One exact copy of the listing is needed. It should contain no pictures.

> Source material
__________

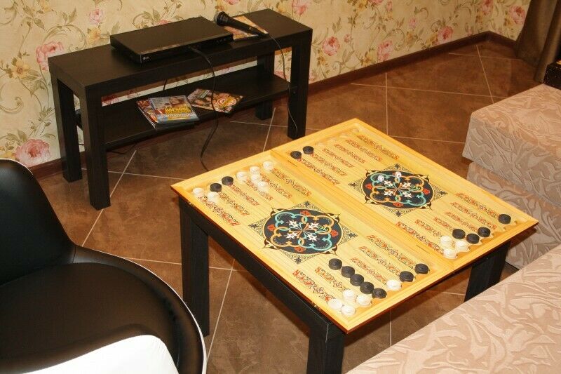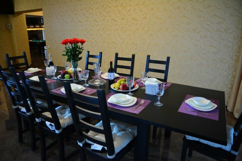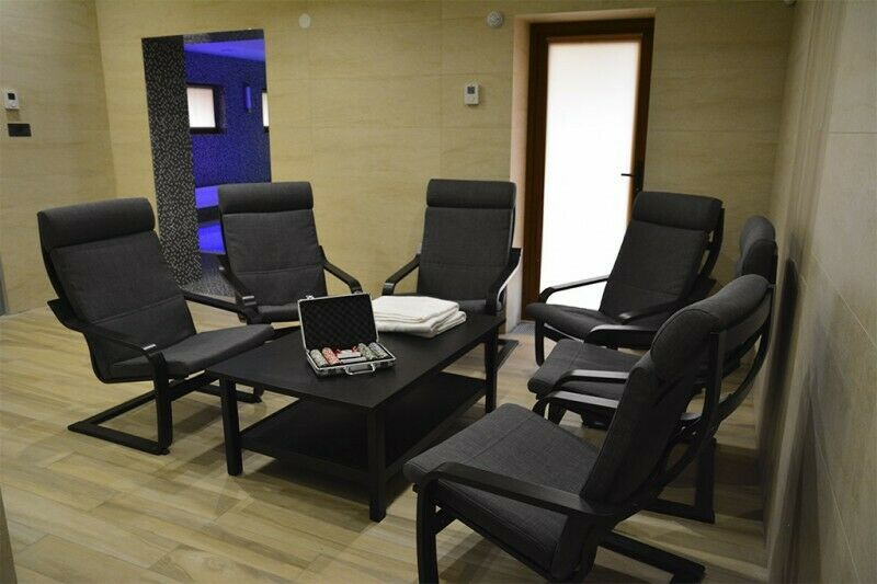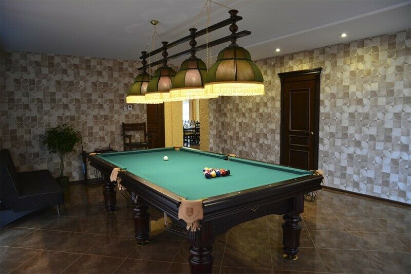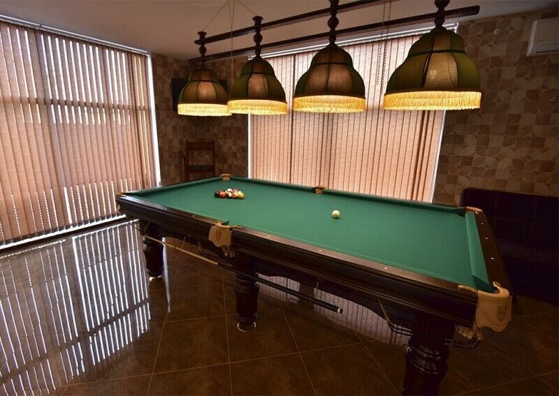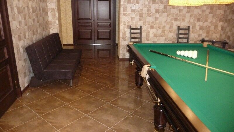 - Войдя в коттедж, вы попадаете в прихожую, где можно оставить верхнюю одежду. Далее вы перемещаетесь в просторную бильярдную. Справа находится дверь в комнату караоке, а если пойдёте прямо, то окажетесь у входа в зону SPA (включает душевую и туалет). Справа от него располагается обеденная зона: совмещённые кухня и столовая.
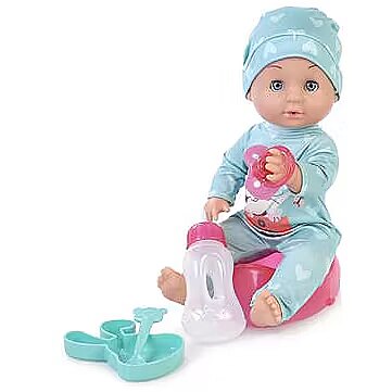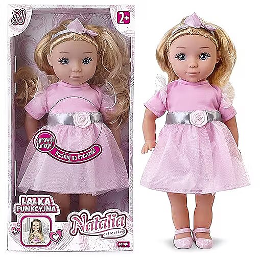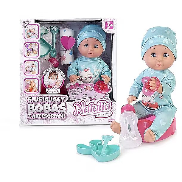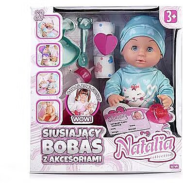 Description - 30cm peeing baby doll (pyjamas with cat). The set includes a nappy, spoon, bottle, dummy, potty, bunny-shaped plate. The toy allows you to change the baby's nappy, give him a dummy, drink him, feed him and place him on the potty. The extras feature embossing to make the product more realistic. The doll is dressed in adorable pyjamas. There is a cap on her head. The babe closes her eyes when she lays it down. Everything is packaged in a box with a window. An interesting addition is a special card on which we can write the name, height, weight and date of birth.
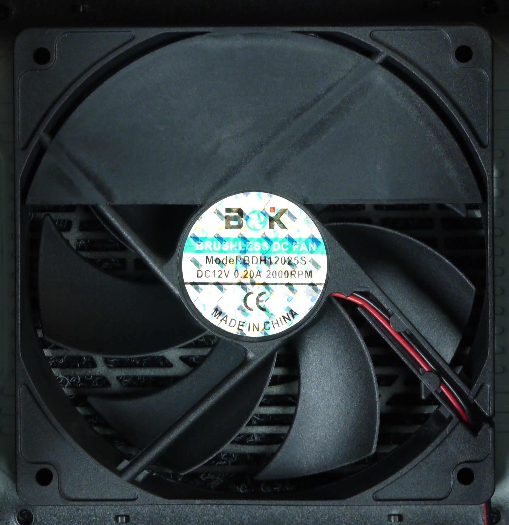 В блоке питания установлен вентилятор BOK RBDH12025S (2000 об/мин) типоразмера 120 мм, подключение двухпроводное, через разъем. Вентилятор основан на подшипнике скольжения, срок службы подобных вентиляторов обычно чуть больше гарантийного срока на сам блок питания.
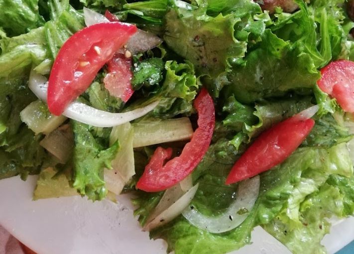 Lechuga, jitomate y cebolla.
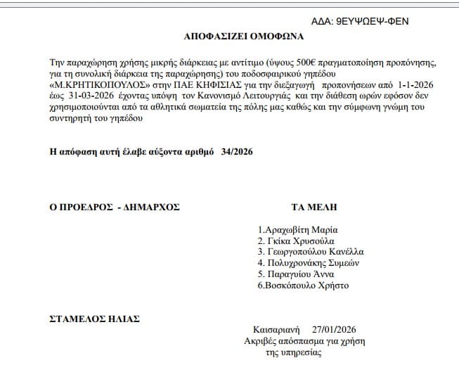 Παράλληλα, η διοίκηση επισημαίνει ότι η χρήση του χώρου από τον συγκεκριμένο σύλλογο δεν είναι κάτι νέο, αλλά προϋπήρχε εδώ και χρόνια, χωρίς όμως σαφείς υποχρεώσεις. Η νέα συμφωνία θέτει κανόνες και ανταποδοτικότητα, καθώς ένα ακόμη γήπεδο θα ανακατασκευαστεί από τον Σύλλογο αμιγώς για χρήση από τον Δήμο.

__________

> Answer to the exercise
 - Войдя в коттедж, вы попадаете в прихожую, где можно оставить верхнюю одежду. Далее вы перемещаетесь в просторную бильярдную. Справа находится дверь в комнату караоке, а если пойдёте прямо, то окажетесь у входа в зону SPA (включает душевую и туалет). Справа от него располагается обеденная зона: совмещённые кухня и столовая.
 Description - 30cm peeing baby doll (pyjamas with cat). The set includes a nappy, spoon, bottle, dummy, potty, bunny-shaped plate. The toy allows you to change the baby's nappy, give him a dummy, drink him, feed him and place him on the potty. The extras feature embossing to make the product more realistic. The doll is dressed in adorable pyjamas. There is a cap on her head. The babe closes her eyes when she lays it down. Everything is packaged in a box with a window. An interesting addition is a special card on which we can write the name, height, weight and date of birth.
 В блоке питания установлен вентилятор BOK RBDH12025S (2000 об/мин) типоразмера 120 мм, подключение двухпроводное, через разъем. Вентилятор основан на подшипнике скольжения, срок службы подобных вентиляторов обычно чуть больше гарантийного срока на сам блок питания.
 Lechuga, jitomate y cebolla.
 Παράλληλα, η διοίκηση επισημαίνει ότι η χρήση του χώρου από τον συγκεκριμένο σύλλογο δεν είναι κάτι νέο, αλλά προϋπήρχε εδώ και χρόνια, χωρίς όμως σαφείς υποχρεώσεις. Η νέα συμφωνία θέτει κανόνες και ανταποδοτικότητα, καθώς ένα ακόμη γήπεδο θα ανακατασκευαστεί από τον Σύλλογο αμιγώς για χρήση από τον Δήμο.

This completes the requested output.